## [About this exercise]
Keep every word the same. Repeat the records without their images.
START Input
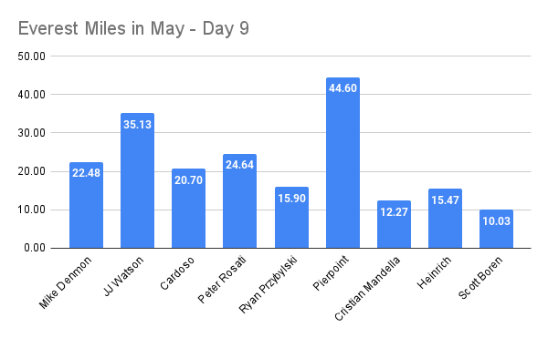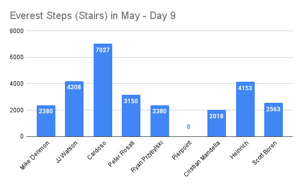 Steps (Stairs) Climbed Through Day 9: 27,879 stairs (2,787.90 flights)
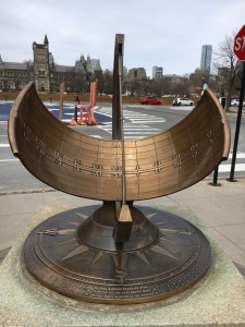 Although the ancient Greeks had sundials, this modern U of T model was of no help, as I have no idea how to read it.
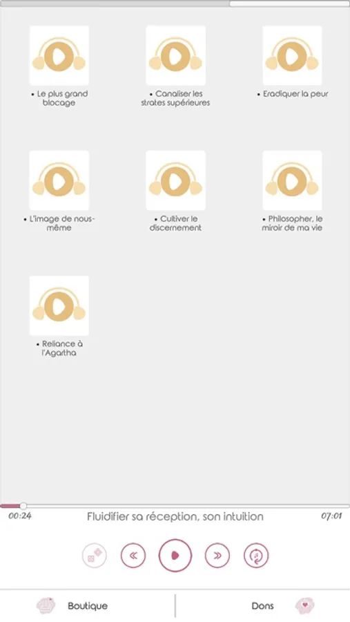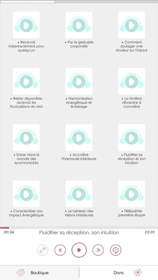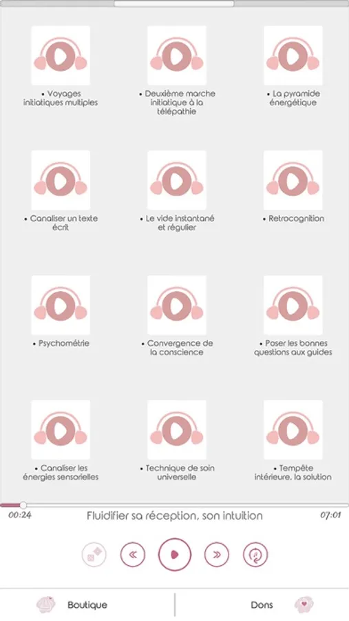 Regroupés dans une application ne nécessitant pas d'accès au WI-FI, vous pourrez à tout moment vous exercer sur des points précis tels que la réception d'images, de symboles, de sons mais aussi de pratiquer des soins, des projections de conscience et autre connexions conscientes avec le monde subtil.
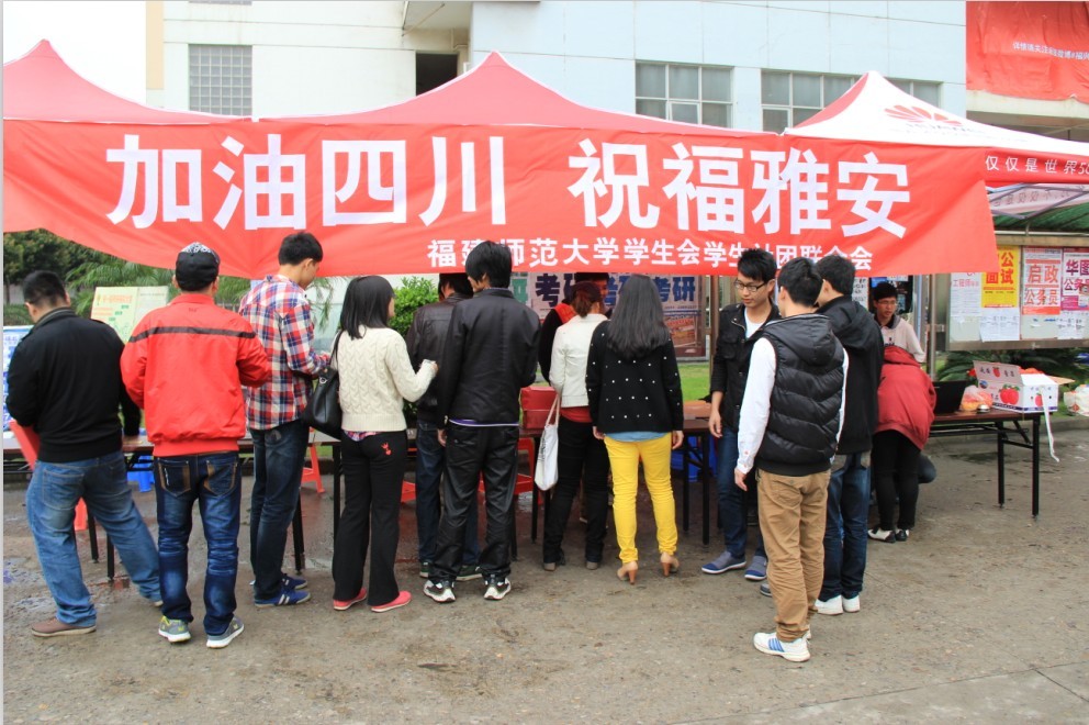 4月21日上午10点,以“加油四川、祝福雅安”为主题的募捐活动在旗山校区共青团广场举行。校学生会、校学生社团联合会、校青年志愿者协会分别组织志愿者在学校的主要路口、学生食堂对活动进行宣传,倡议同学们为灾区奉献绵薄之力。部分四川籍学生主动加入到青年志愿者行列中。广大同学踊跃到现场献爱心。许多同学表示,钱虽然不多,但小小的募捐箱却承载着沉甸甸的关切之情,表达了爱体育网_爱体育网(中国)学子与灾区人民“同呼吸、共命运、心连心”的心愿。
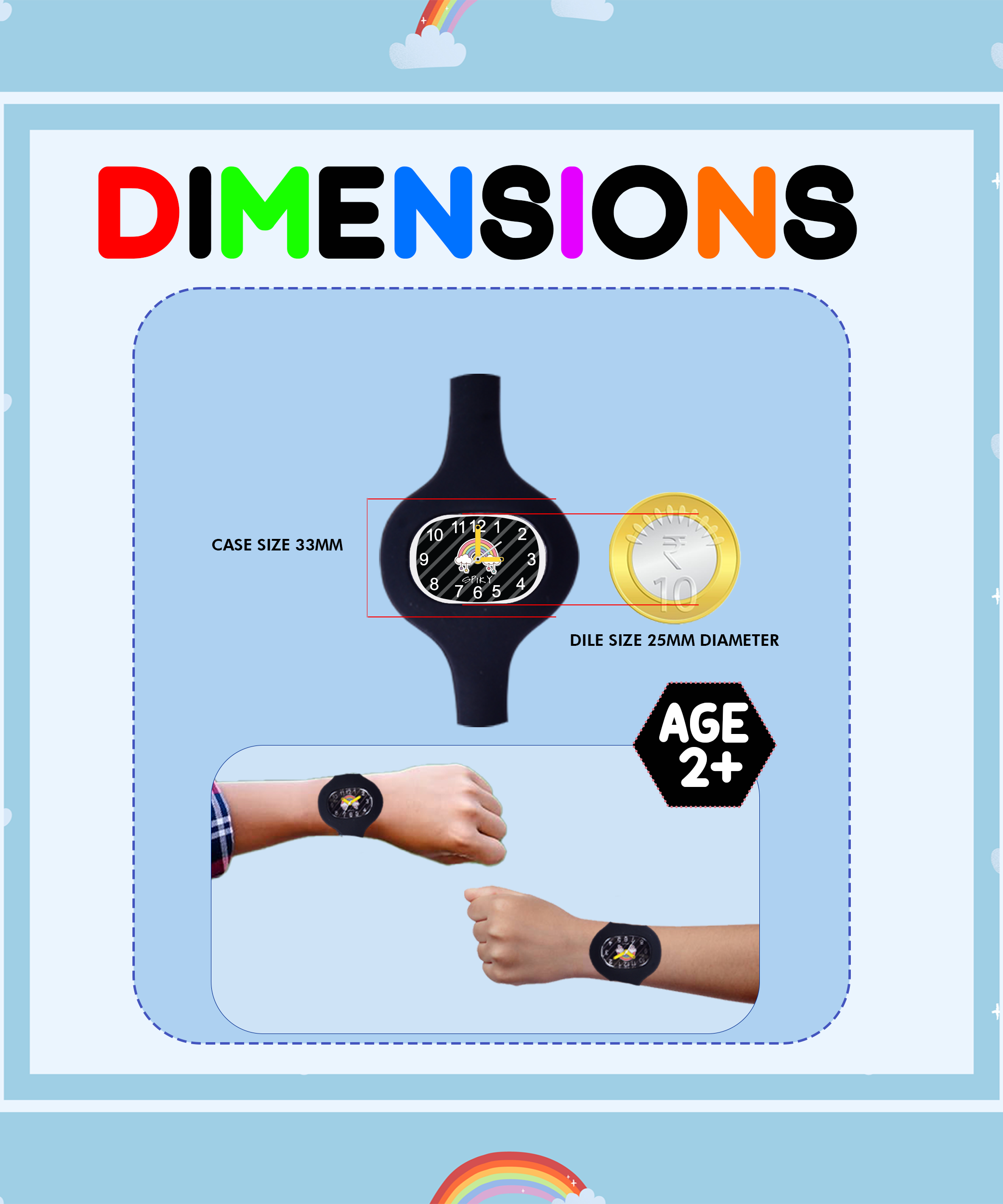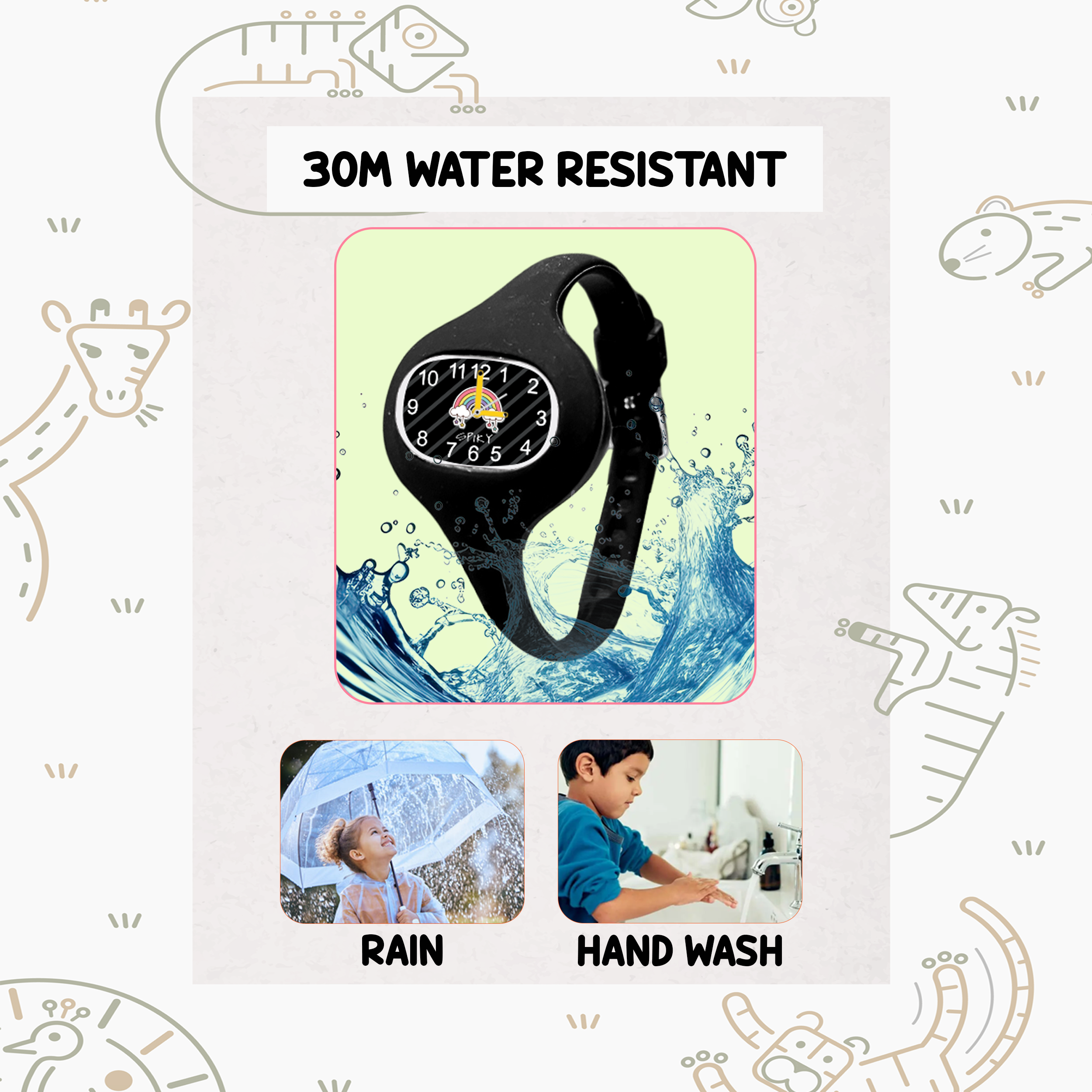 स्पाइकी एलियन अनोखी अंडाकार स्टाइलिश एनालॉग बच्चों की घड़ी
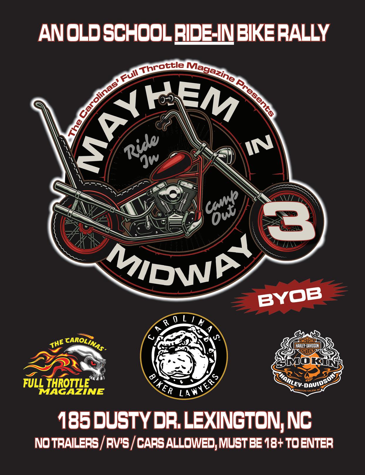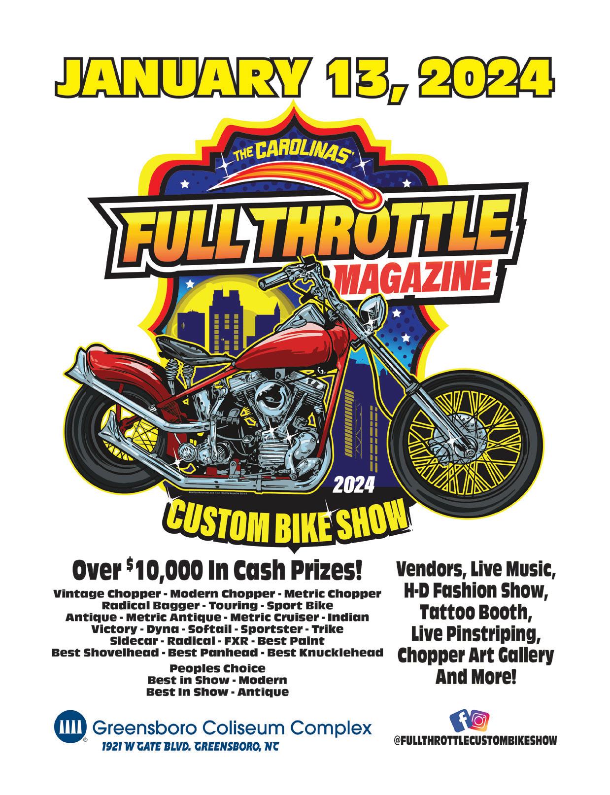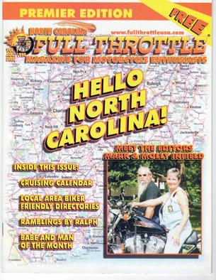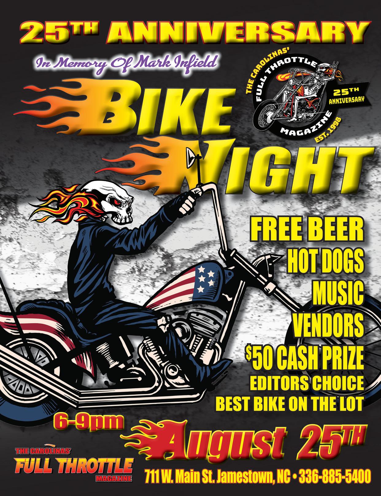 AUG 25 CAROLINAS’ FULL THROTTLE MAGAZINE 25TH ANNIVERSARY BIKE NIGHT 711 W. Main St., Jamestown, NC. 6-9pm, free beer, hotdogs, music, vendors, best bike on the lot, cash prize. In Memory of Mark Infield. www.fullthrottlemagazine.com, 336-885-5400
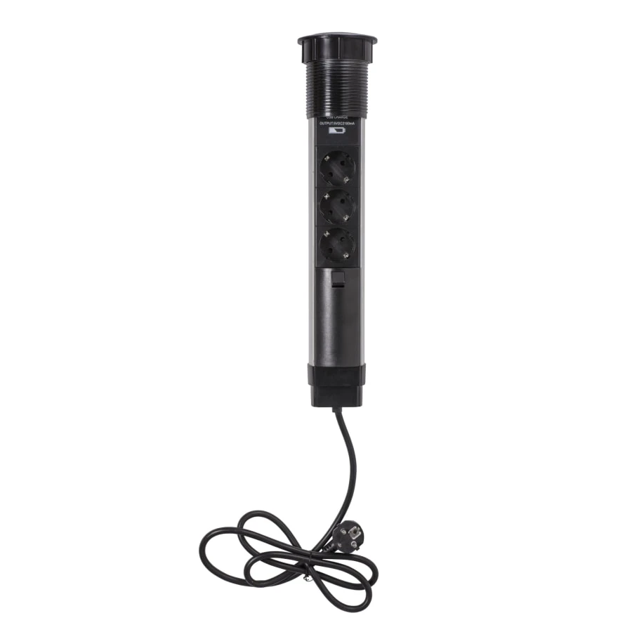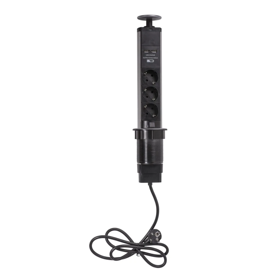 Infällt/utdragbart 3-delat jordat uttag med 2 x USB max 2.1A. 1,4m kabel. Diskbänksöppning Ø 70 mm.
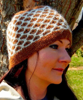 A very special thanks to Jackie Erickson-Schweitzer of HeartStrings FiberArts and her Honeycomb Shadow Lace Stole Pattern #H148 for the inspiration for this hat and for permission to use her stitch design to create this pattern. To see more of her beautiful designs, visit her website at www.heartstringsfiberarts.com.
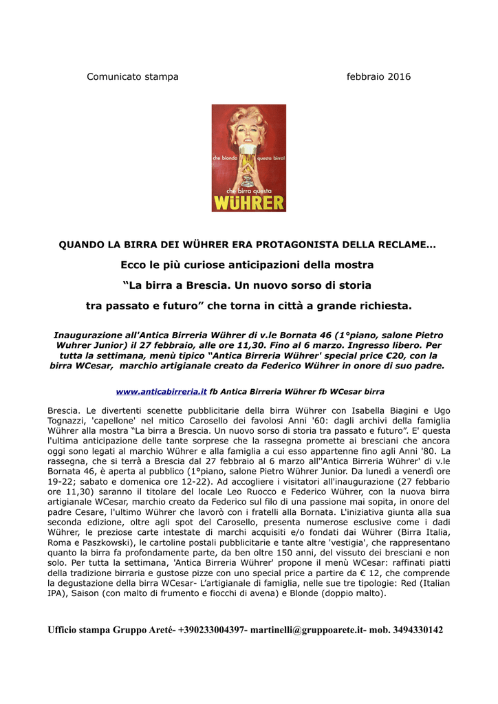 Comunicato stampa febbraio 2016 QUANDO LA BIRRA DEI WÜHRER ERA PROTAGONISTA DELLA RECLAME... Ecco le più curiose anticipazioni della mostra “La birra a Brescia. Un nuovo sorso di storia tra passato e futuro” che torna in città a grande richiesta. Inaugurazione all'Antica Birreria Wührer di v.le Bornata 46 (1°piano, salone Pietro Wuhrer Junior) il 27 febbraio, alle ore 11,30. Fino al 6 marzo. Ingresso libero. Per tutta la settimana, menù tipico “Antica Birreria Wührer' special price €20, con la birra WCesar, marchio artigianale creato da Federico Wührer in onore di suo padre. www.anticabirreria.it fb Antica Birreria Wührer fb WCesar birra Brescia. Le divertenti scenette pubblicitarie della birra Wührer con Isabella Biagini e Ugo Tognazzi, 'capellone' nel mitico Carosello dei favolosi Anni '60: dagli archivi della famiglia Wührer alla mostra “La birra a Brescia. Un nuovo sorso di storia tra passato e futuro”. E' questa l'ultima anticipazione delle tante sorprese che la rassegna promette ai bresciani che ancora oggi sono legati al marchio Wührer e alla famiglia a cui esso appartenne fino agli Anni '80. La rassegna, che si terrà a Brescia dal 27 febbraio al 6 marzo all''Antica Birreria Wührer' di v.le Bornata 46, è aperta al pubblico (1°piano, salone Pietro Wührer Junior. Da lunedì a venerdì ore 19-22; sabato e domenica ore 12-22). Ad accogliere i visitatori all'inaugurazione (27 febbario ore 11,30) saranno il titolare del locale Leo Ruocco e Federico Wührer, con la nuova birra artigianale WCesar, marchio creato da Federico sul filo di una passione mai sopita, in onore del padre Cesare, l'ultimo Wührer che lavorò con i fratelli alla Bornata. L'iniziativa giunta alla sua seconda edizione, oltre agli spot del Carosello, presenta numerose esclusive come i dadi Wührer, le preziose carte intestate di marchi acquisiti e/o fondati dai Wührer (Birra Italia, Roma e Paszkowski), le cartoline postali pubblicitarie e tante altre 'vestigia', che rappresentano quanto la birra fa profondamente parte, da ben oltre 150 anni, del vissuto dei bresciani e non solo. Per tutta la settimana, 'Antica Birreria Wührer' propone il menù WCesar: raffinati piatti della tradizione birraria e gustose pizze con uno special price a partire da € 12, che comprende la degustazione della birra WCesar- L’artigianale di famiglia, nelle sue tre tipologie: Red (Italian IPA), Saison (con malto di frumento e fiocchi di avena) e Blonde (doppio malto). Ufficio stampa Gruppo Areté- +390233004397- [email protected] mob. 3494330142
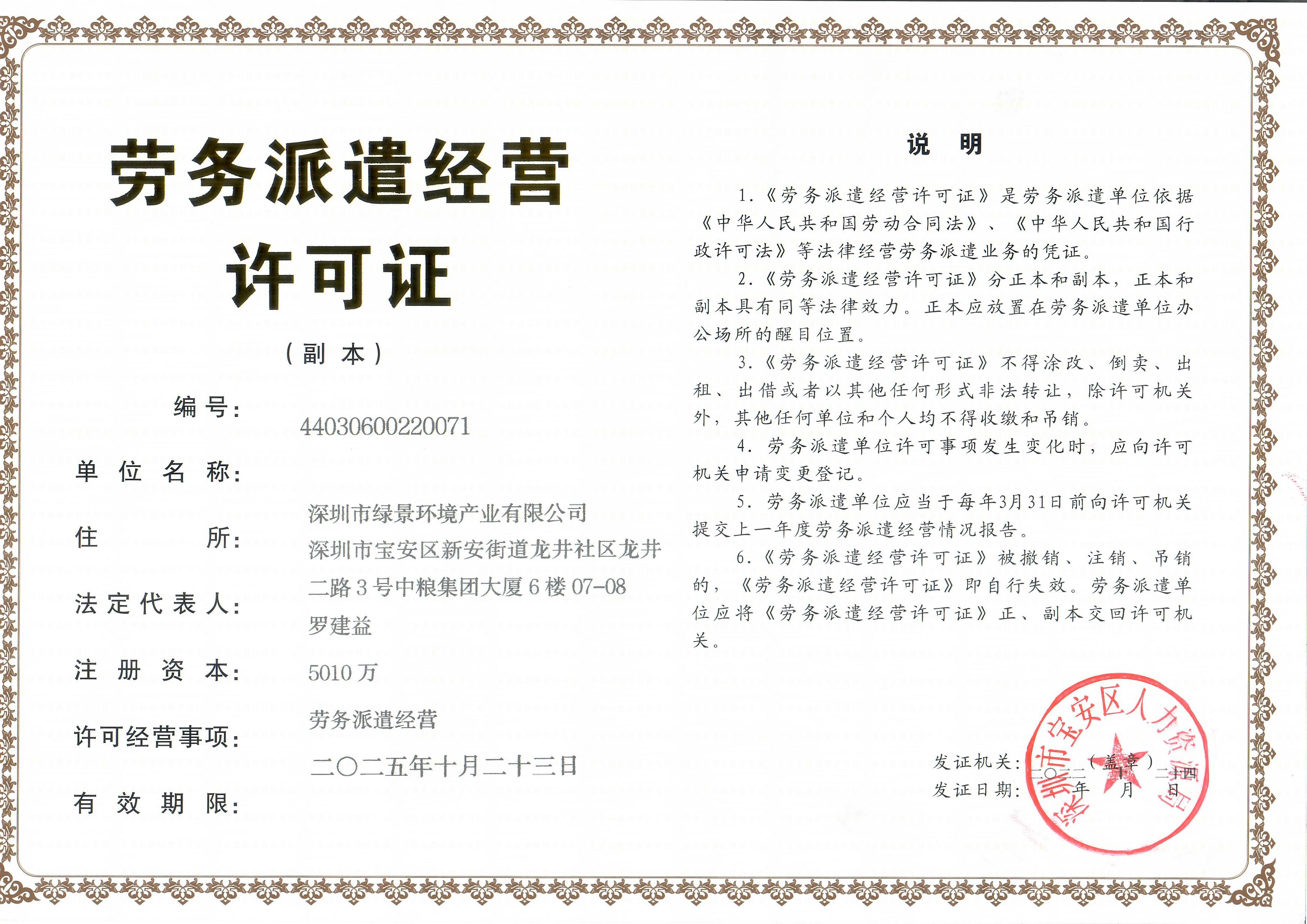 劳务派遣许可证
END Input
## [Reply to the task]
 Steps (Stairs) Climbed Through Day 9: 27,879 stairs (2,787.90 flights)
 Although the ancient Greeks had sundials, this modern U of T model was of no help, as I have no idea how to read it.
 Regroupés dans une application ne nécessitant pas d'accès au WI-FI, vous pourrez à tout moment vous exercer sur des points précis tels que la réception d'images, de symboles, de sons mais aussi de pratiquer des soins, des projections de conscience et autre connexions conscientes avec le monde subtil.
 4月21日上午10点,以“加油四川、祝福雅安”为主题的募捐活动在旗山校区共青团广场举行。校学生会、校学生社团联合会、校青年志愿者协会分别组织志愿者在学校的主要路口、学生食堂对活动进行宣传,倡议同学们为灾区奉献绵薄之力。部分四川籍学生主动加入到青年志愿者行列中。广大同学踊跃到现场献爱心。许多同学表示,钱虽然不多,但小小的募捐箱却承载着沉甸甸的关切之情,表达了爱体育网_爱体育网(中国)学子与灾区人民“同呼吸、共命运、心连心”的心愿。
 स्पाइकी एलियन अनोखी अंडाकार स्टाइलिश एनालॉग बच्चों की घड़ी
 AUG 25 CAROLINAS’ FULL THROTTLE MAGAZINE 25TH ANNIVERSARY BIKE NIGHT 711 W. Main St., Jamestown, NC. 6-9pm, free beer, hotdogs, music, vendors, best bike on the lot, cash prize. In Memory of Mark Infield. www.fullthrottlemagazine.com, 336-885-5400
 Infällt/utdragbart 3-delat jordat uttag med 2 x USB max 2.1A. 1,4m kabel. Diskbänksöppning Ø 70 mm.
 A very special thanks to Jackie Erickson-Schweitzer of HeartStrings FiberArts and her Honeycomb Shadow Lace Stole Pattern #H148 for the inspiration for this hat and for permission to use her stitch design to create this pattern. To see more of her beautiful designs, visit her website at www.heartstringsfiberarts.com.
 Comunicato stampa febbraio 2016 QUANDO LA BIRRA DEI WÜHRER ERA PROTAGONISTA DELLA RECLAME... Ecco le più curiose anticipazioni della mostra “La birra a Brescia. Un nuovo sorso di storia tra passato e futuro” che torna in città a grande richiesta. Inaugurazione all'Antica Birreria Wührer di v.le Bornata 46 (1°piano, salone Pietro Wuhrer Junior) il 27 febbraio, alle ore 11,30. Fino al 6 marzo. Ingresso libero. Per tutta la settimana, menù tipico “Antica Birreria Wührer' special price €20, con la birra WCesar, marchio artigianale creato da Federico Wührer in onore di suo padre. www.anticabirreria.it fb Antica Birreria Wührer fb WCesar birra Brescia. Le divertenti scenette pubblicitarie della birra Wührer con Isabella Biagini e Ugo Tognazzi, 'capellone' nel mitico Carosello dei favolosi Anni '60: dagli archivi della famiglia Wührer alla mostra “La birra a Brescia. Un nuovo sorso di storia tra passato e futuro”. E' questa l'ultima anticipazione delle tante sorprese che la rassegna promette ai bresciani che ancora oggi sono legati al marchio Wührer e alla famiglia a cui esso appartenne fino agli Anni '80. La rassegna, che si terrà a Brescia dal 27 febbraio al 6 marzo all''Antica Birreria Wührer' di v.le Bornata 46, è aperta al pubblico (1°piano, salone Pietro Wührer Junior. Da lunedì a venerdì ore 19-22; sabato e domenica ore 12-22). Ad accogliere i visitatori all'inaugurazione (27 febbario ore 11,30) saranno il titolare del locale Leo Ruocco e Federico Wührer, con la nuova birra artigianale WCesar, marchio creato da Federico sul filo di una passione mai sopita, in onore del padre Cesare, l'ultimo Wührer che lavorò con i fratelli alla Bornata. L'iniziativa giunta alla sua seconda edizione, oltre agli spot del Carosello, presenta numerose esclusive come i dadi Wührer, le preziose carte intestate di marchi acquisiti e/o fondati dai Wührer (Birra Italia, Roma e Paszkowski), le cartoline postali pubblicitarie e tante altre 'vestigia', che rappresentano quanto la birra fa profondamente parte, da ben oltre 150 anni, del vissuto dei bresciani e non solo. Per tutta la settimana, 'Antica Birreria Wührer' propone il menù WCesar: raffinati piatti della tradizione birraria e gustose pizze con uno special price a partire da € 12, che comprende la degustazione della birra WCesar- L’artigianale di famiglia, nelle sue tre tipologie: Red (Italian IPA), Saison (con malto di frumento e fiocchi di avena) e Blonde (doppio malto). Ufficio stampa Gruppo Areté- +390233004397- [email protected] mob. 3494330142
 劳务派遣许可证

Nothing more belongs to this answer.